J'ai grandi à Chicago pendant les années 1950, et le Bulletin des scientifiques atomiques était assis sur notre table à café aussi longtemps que je me souvienne. Mon père, Morris A. Lipton, m'a dit qu'il avait eu le choix entre le projet de Manhattan ou la guerre chimique pendant la Seconde Guerre mondiale, et il a choisi la guerre chimique, à son regret. Au lieu de concevoir la bombe atomique, il a conçu des armes chimiques. En fait, il s'appelait «Adolf Eichmann des rats» parce qu'il en tuait tant, ainsi que des moutons, des chèvres et d'autres animaux. Mon père connaissait Enrico Fermi et beaucoup d'autres physiciens de Chicago, et il était envieux que le fruit de leurs travaux soit si glamour.
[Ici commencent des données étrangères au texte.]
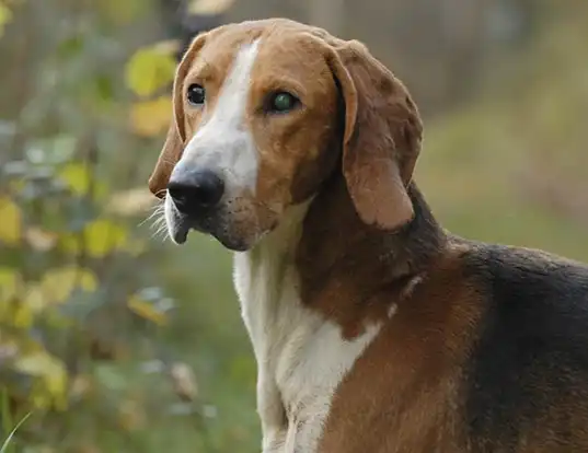 The Chien Franรงais Tricolore (French Tricolour Hound) is a large, athletic, and intelligent pack scenthound originating from France, primarily used for hunting big game. Recognized as a distinct breed in 1957, they possess a tricolour coat (black, tan, and white), long drop ears, and a strong, muscular build, with a 12โ15 year lifespan. The Grand Anglo-Francais is a best-of-both-worlds breed, combining qualities from French and English hounds to create a natural hunter with a keen sense of smell. The Chien Franรงais Tricolore is a large scenthound that was developed in France. They hunt in packs for large game, specializing in deer, and are rarely seen outside their homeland. The Chien Franรงais Tricolore is one of three Chien Franรงais, the other two being the Blanc et Noir and the Blanc et Orange. Although classified as separate breeds they vary little besides coat color. This breed is a hunting dog at heart. Though they can adapt to home life, they are happiest when using their keen noses or hunting in groups. These pups are hardworking and typically get along well with people, kids, and other dogs. Because they are prone to wandering off when following a scent, it's best to keep them on a leash or in an enclosed area when they are not hunting. With a real "pack mentality" and very high exercise demands, it would not be sensible to attempt to house this dog alone in a small home. Without the company of other dogs, they tend to become depressed. While breed members are laid-back enough to be able to come into the home during the evening, it is widely accepted that they should be allowed to work when possible.

Néanmoins, depuis sa création en 1945, mon père a adhéré au Bulletin, et il a compris que la guerre nucléaire signifierait la fin de la vie humaine, et peut-être la vie sur terre. Je me souviens clairement de la nuit du 22 septembre 1959, alors que j'avais 8 ans. Le commissaire des incendies de Chicago, Robert Quinn (qui était également à la tête du Corps de défense civile) décida de célébrer la victoire des White Sox de Chicago contre les Indians de Cleveland en lançant les sirènes de raid aérien à 22h30. L'alerte a duré 5 minutes, indiquant qu'une attaque aérienne était attendue, mais pas pendant au moins 31 minutes. J'étais à une fête avec mes parents. Quand la sirène sonna, la pièce devint silencieuse et beaucoup de gens allèrent regarder par les fenêtres. J'ai demandé à mon père ce qui se passait, et il a dit: "Ceci pourrait être la fin du monde".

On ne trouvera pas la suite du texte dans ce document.